*** SOURCE DATA ***

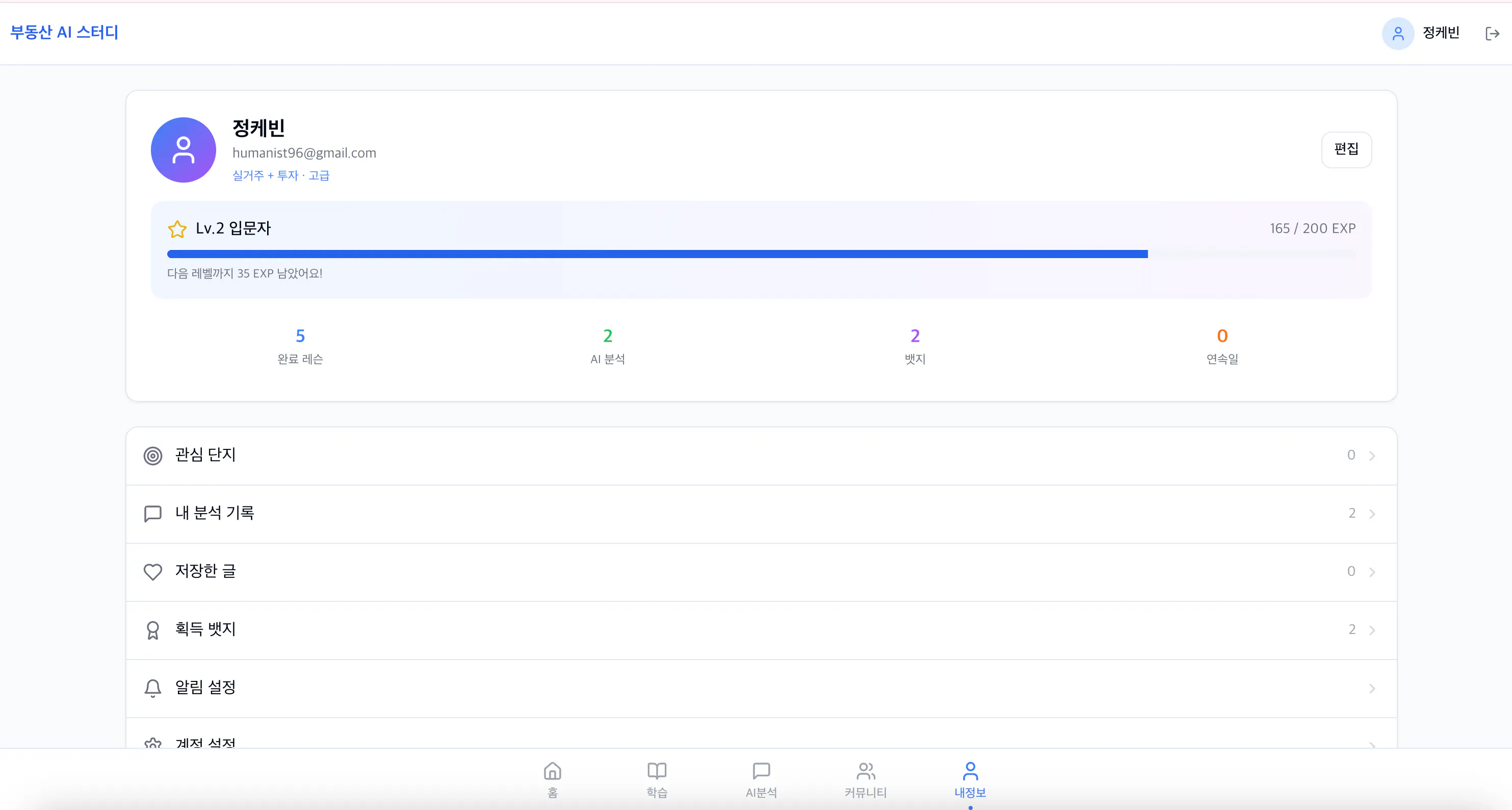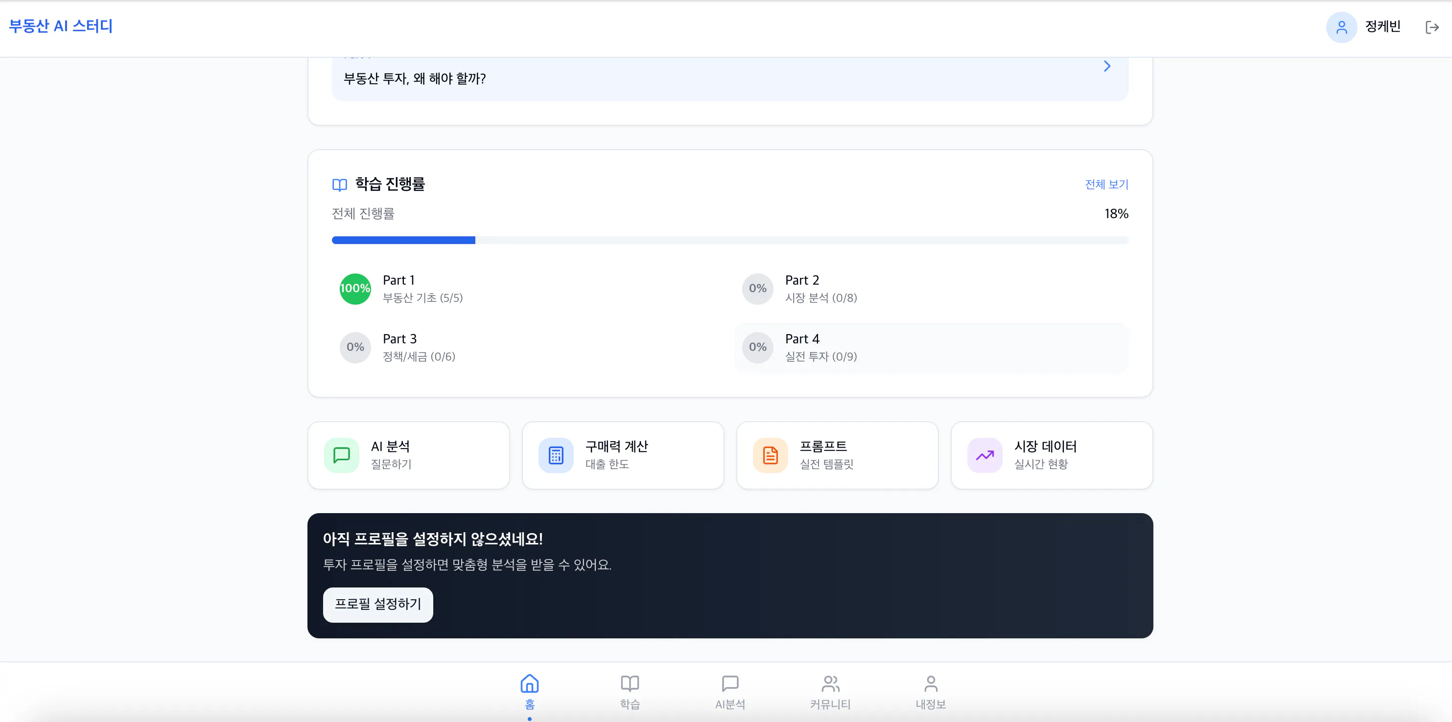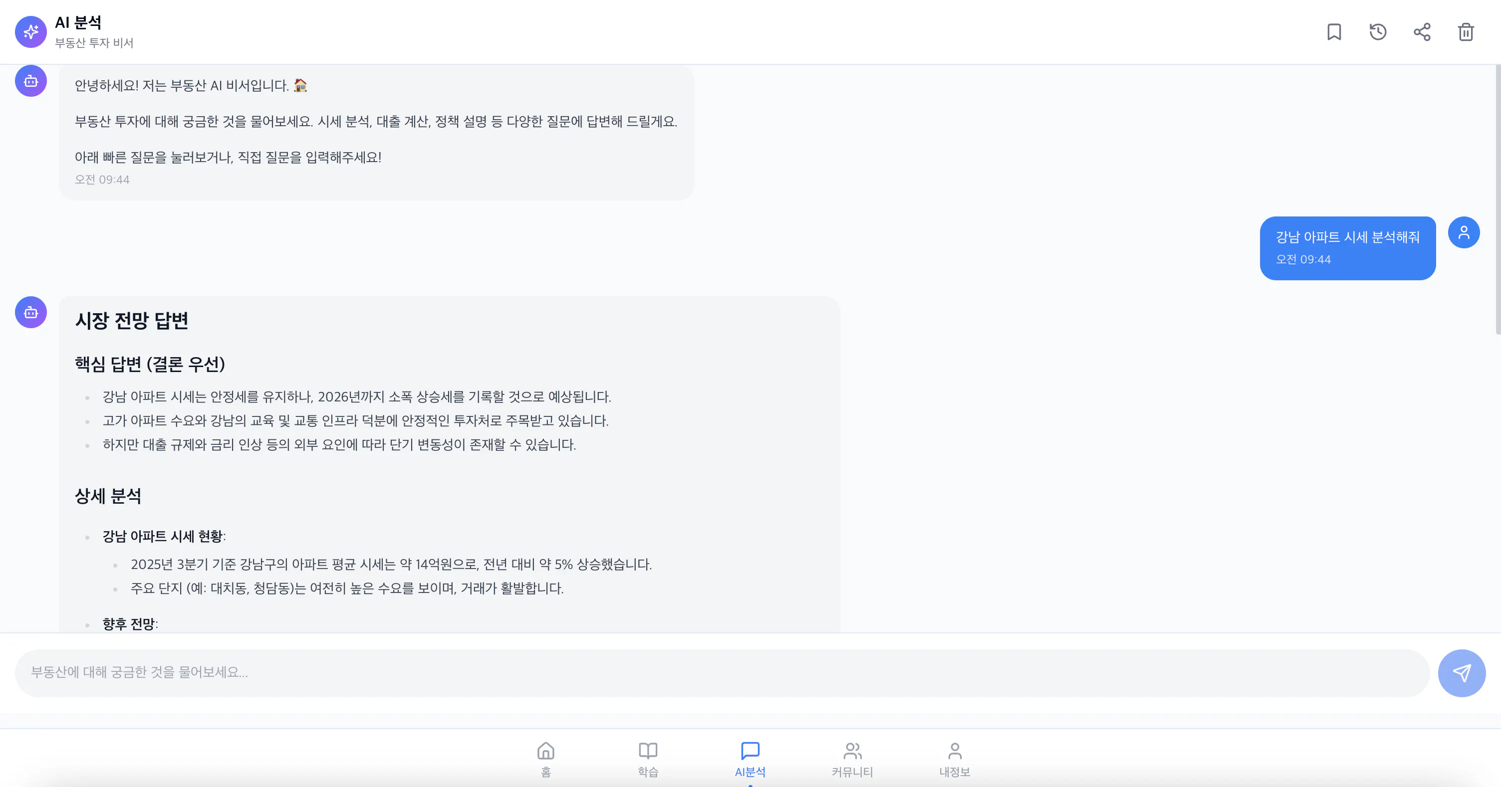 AI 프롬프트 기반의 부동산 투자 학습과 실제 투자 의사결정까지 지원하는 통합 웹 애플리케이션
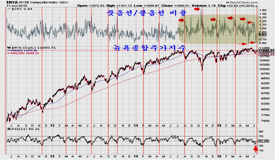 뉴욕증시의 풋옵션/콜옵션 비율 지표를 보면 뉴욕 증시 역시 옵션 거래 규모가 확대되면서 시장이 특이한 변동을 보이고 있다. 지난해 엑슨모빌의 하락과 함께 풋옵션/콜옵션 비율 변동성이 한층 커진 반면, 주가는 이전의 추세를 벗어나 정체 국면을 이어가면서 선물 또는 옵션 만기 주기로 변동을 하고 있다.
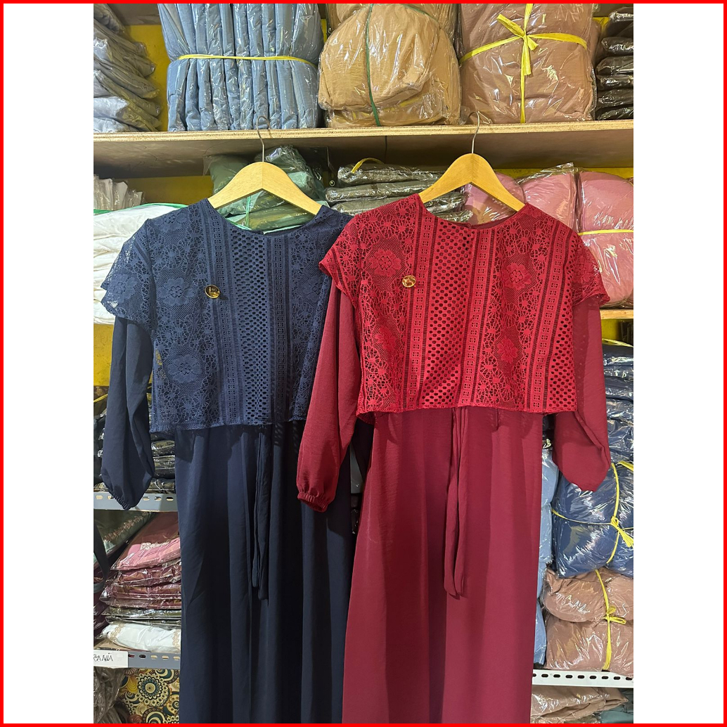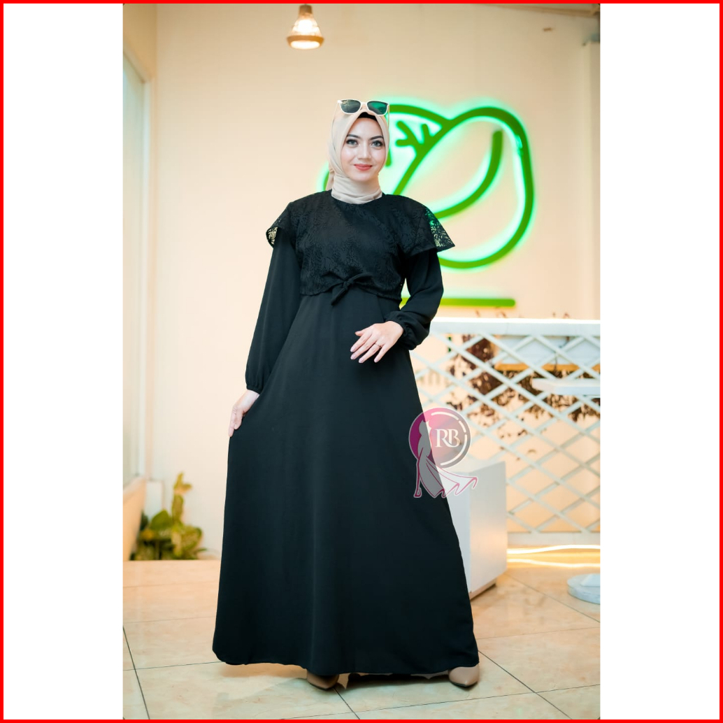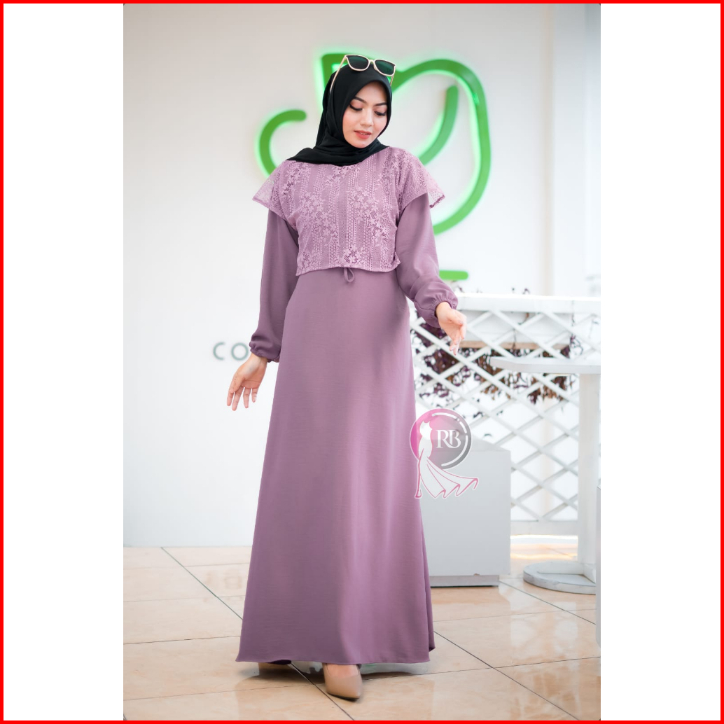 Shanas Maxi Dress Remajs Polos Viral Terbaru Mix Brukat Malika Karet Muslim Gamis Wanita Lebaran Mewah
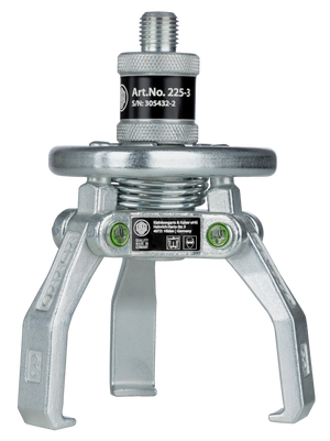 The 3-jaw puller with self-centering jaws is used for extracting bearings, gears, and discs. It allows for the removal of any component that is mounted on a shaft and is freely accessible from the outside. The specially shaped jaws are connected to a spring. This ensures self-tensioning of the jaws and prevents possible slipping during the extraction process. Thanks to the quick-release mechanism, the jaws can be attached to the component to be pulled in no time. The 3-jaw design guarantees even load distribution and thus a particularly secure grip on the part being extracted.
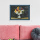 A bouquet of country sunflowers, daisies, and tulips is the focal point of this canvas art print. This image would add primitive folk art style to a kitchen, dining room, etc...The image is from an original watercolor painting with accents of coloured pencil.
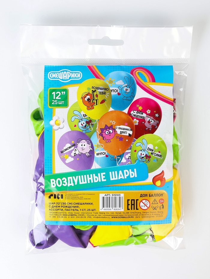 Воздушные шары латексные 12" «Смешарики, с Днем Рождения!», 25 шт. — Характеристики
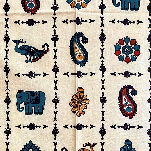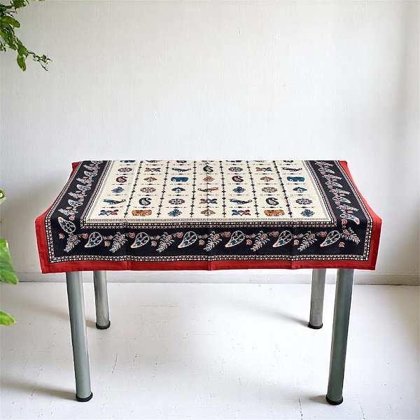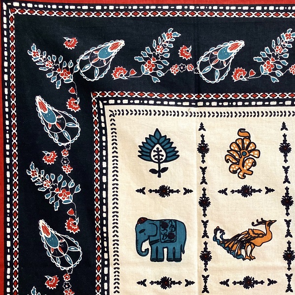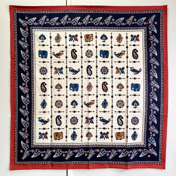 エキゾチックな象や孔雀、ペイズリー柄、植物模様をあしらったこのテーブルクロスは、インドの手仕事の魅力が詰まった一枚。温かみのある生成り色の生地に、赤・黒・アイボリーを基調とした豊かな色彩が映え、食卓を華やかに彩ります。
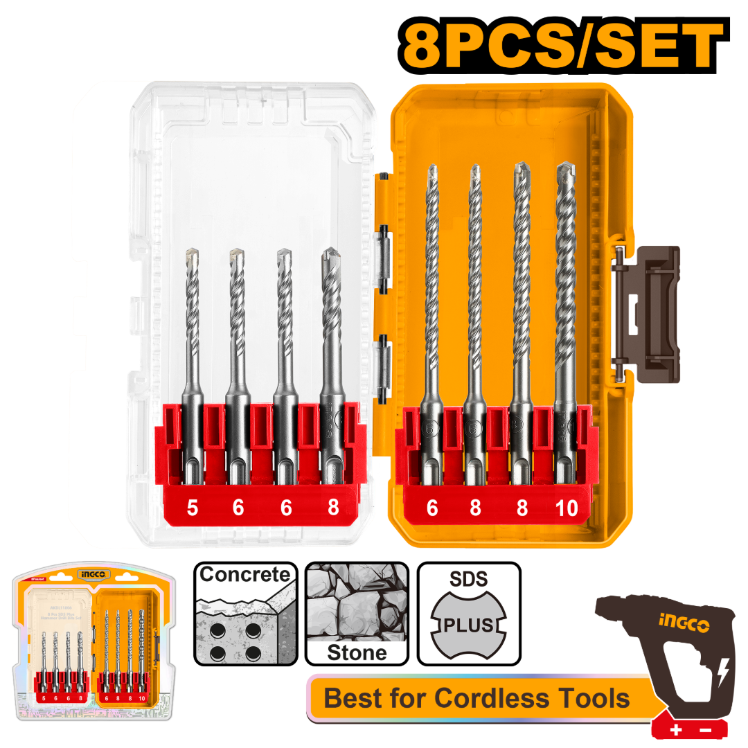 KIT 8PCS MECHAS PARA ROTOMARTILLO SDS PLUS INGCO AKDL11806

*** End of SOURCE DATA ***

For the entries above, print exactly the lines between the one with "뉴욕증시의 풋옵션/콜옵션 비율" and the one with "Shanas Maxi Dress", inclusive, with no pictures.

 뉴욕증시의 풋옵션/콜옵션 비율 지표를 보면 뉴욕 증시 역시 옵션 거래 규모가 확대되면서 시장이 특이한 변동을 보이고 있다. 지난해 엑슨모빌의 하락과 함께 풋옵션/콜옵션 비율 변동성이 한층 커진 반면, 주가는 이전의 추세를 벗어나 정체 국면을 이어가면서 선물 또는 옵션 만기 주기로 변동을 하고 있다.
 Shanas Maxi Dress Remajs Polos Viral Terbaru Mix Brukat Malika Karet Muslim Gamis Wanita Lebaran Mewah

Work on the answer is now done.